Eggers agreed to plead guilty to one count of felony murder. The state trial judge
conducted a guilty-plea hearing under Ohio Criminal Rule 11, during which Eggers admitted that
he committed the crime. After accepting the plea, the trial judge started the sentencing hearing
and gave Eggers an opportunity to speak—otherwise known as a right to allocute. Eggers said
the following: “I’d like to apologize to the family. You know I loved her. You know I didn’t do
this. I didn’t do this. I love you, mom. I don’t know. That’s it. I don’t know what else to say.”
R. 8-1 at 86.
Eggers maintains that this half apology/half assertion of innocence made the earlier guilty
plea involuntary, suggested that he was actually innocent, and required the state trial court to
conduct a hearing under North Carolina v. Alford, 400 U.S. 25 (1970), to ascertain the
voluntariness of his plea, and to ensure that there was evidence supporting his plea. The state
courts upheld the guilty plea. And the district court rejected Eggers’ federal habeas petition,
holding that the state courts did not unreasonably apply clearly established Supreme Court
precedent or unreasonably determine the facts in Eggers’ case. We affirm.
I.
After the 2010 murder of Ms. Snyder, the State charged Eggers with an assortment of
crimes, including felony murder, felonious assault, and improperly discharging a firearm at or
into a home. State v. Eggers, No. 2011-CA-48, 2013 WL 3816675, at *1 (Ohio Ct. App. July 19,
2013). At what was originally scheduled to be a suppression hearing, the government and
Eggers agreed to a plea bargain and told the court as much: Eggers would plead guilty to one
count of felony murder in return for which the government would drop the other charges. See id.
at *1; see also Ohio Rev. Code § 2903.02(B). In court, the government provided a brief
recitation of the facts supporting the guilty plea: Eggers fired four shots into a home, and one of
them hit—and killed—Snyder.
The court asked Eggers if he wanted to plead guilty “this afternoon.” R. 8-1 at 85.

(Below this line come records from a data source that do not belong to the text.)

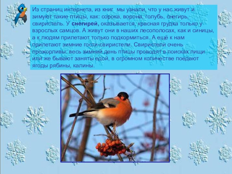 и зимуют такие птицы, как: сорока, ворона, голубь, снегирь, свиристель. У снегирей, оказывается, красная грудка только у взрослых самцов. А живут они в наших лесополосах, как и синицы, а к людям прилетают только подкормиться. А ещё к нам прилетают зимние гости-свиристели. Свиристели очень прожорливы: весь зимний день птицы проводят в поисках пищи или же бывают заняты едой, в огромном количестве поедают ягоды рябины, калины.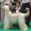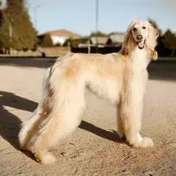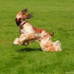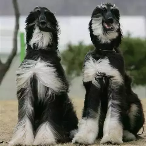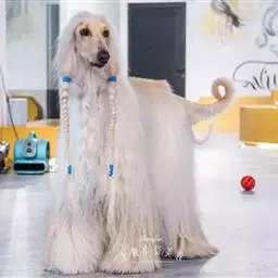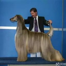 阿富汗猎犬全身披丝绢状的长毛,毛色鲜艳,呈多种颜色,背中线附近毛短,…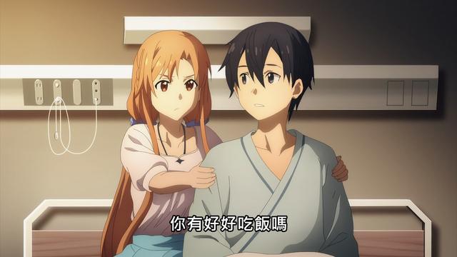 最让各位开心的是,终于轮到了桐人和亚丝娜秀恩爱的环节,在UW世界里,两人的很多互动都被制作组以“不符合气氛”为由删掉了,如今回到现实世界后,两人的关系又回到了老夫老妻的模式,桐人在医院躺了一个月后,亚丝娜捧着花前来探望,展现了她对桐人无微不至的关心。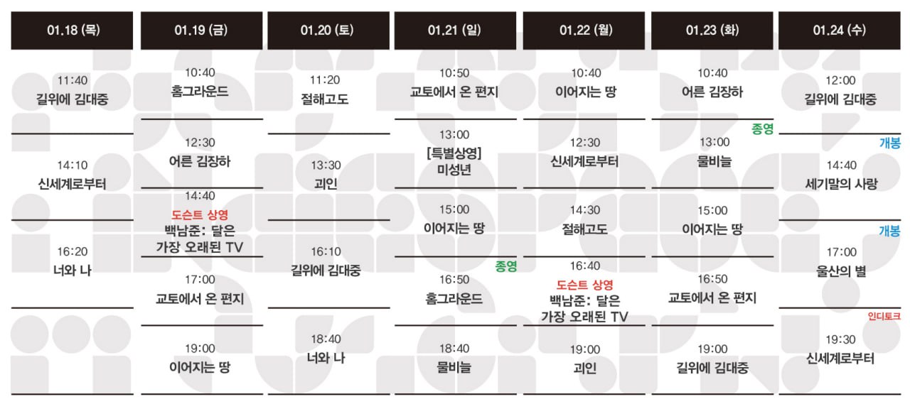 | 01.25-01.31 상영시간표 (0) | 2024.01.22 |

“Yes,” he responded. Id. The court then discussed Eggers’ decision with him. The court asked
No. 15-3961 Eggers v. Warden, Lebanon Corr. Inst. Page 3
if he had gone over the plea document with his lawyer and whether it was his signature that
appeared on the plea document. Eggers answered yes both times. The court asked whether the
government had promised anything besides what was written in the plea agreement or whether
anyone had threatened Eggers to get him to plead guilty. Eggers answered no. “Are you
pleading guilty voluntarily?” the court asked. Id. “Yes, sir,” Eggers responded. Id.
After explaining the nature of his offense and the mandatory nature of his sentence, the
court pointed out everything Eggers was giving up. Eggers was waiving the right to a trial—and
with it the right to compel and confront witnesses, the right to testify on his own behalf, and the
right to be convicted only by a unanimous jury. “Understanding that,” the court asked how
Eggers wanted to plead. Id. at 86. “Guilty, Your Honor,” Eggers replied. Id. The court
“f[ound] him guilty” of felony murder “based upon that plea.” Id.

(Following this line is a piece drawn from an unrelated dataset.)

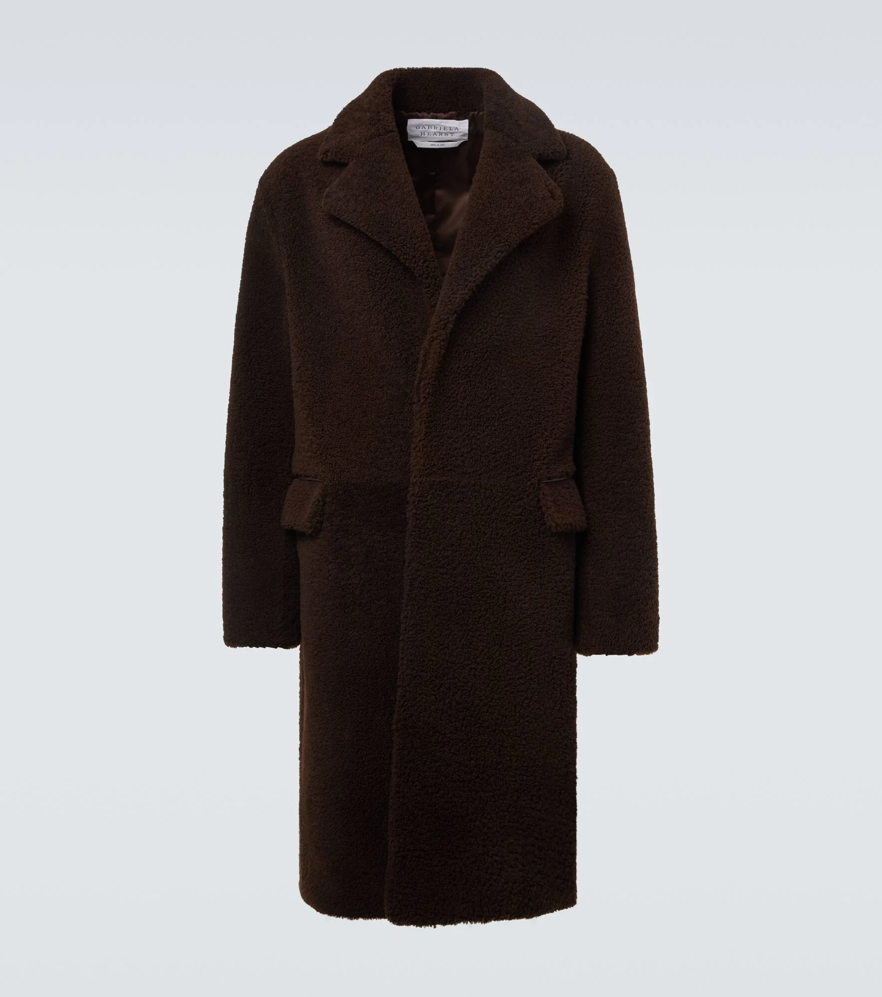 Crafted from shearling, the Teddy coat by Gabriela Hearst showcases a full-length design with a concealed front closure and a tonal button at the collar. This sophisticated style is complete with side pockets. Product Details - Material: 100% shearling - Care instructions: specialist clean - Made in Italy - Designer color name: Chocolate - Item color: brown - Lining: 100% cupro - Trim: 100% lamb leather - Contains non-textile parts of animal origin - Pockets: flap pockets - Closure: buttoned placket - Item number: P01070326 Size & Fit - True to size - Dropped shoulders - Designed for a loose fit - Non-stretchy fabric - The model in the picture is 185cm-6'1" and wearing a size IT 50

After accepting Eggers’ guilty plea, the court stated that it would immediately “proceed
with disposition” on the conviction—namely sentencing. Id. The court then asked if there was
“anything [Eggers] wanted to say at this time.” Id. “There is,” he replied, “but I don’t know if I
can speak.” Id. After consulting counsel, Eggers continued, saying: “I’d like to apologize to the
family. You know I loved her. You know I didn’t do this. I didn’t do this. I love you, mom. I
don’t know. That’s it. I don’t know what else to say.” Id. The court sentenced Eggers to fifteen
years to life, a sentence that required little explanation because Ohio law made it mandatory for
this crime.
Eleven days later, Eggers filed a handwritten, pro se motion to withdraw his guilty plea,
claiming he was innocent. The trial court denied the motion.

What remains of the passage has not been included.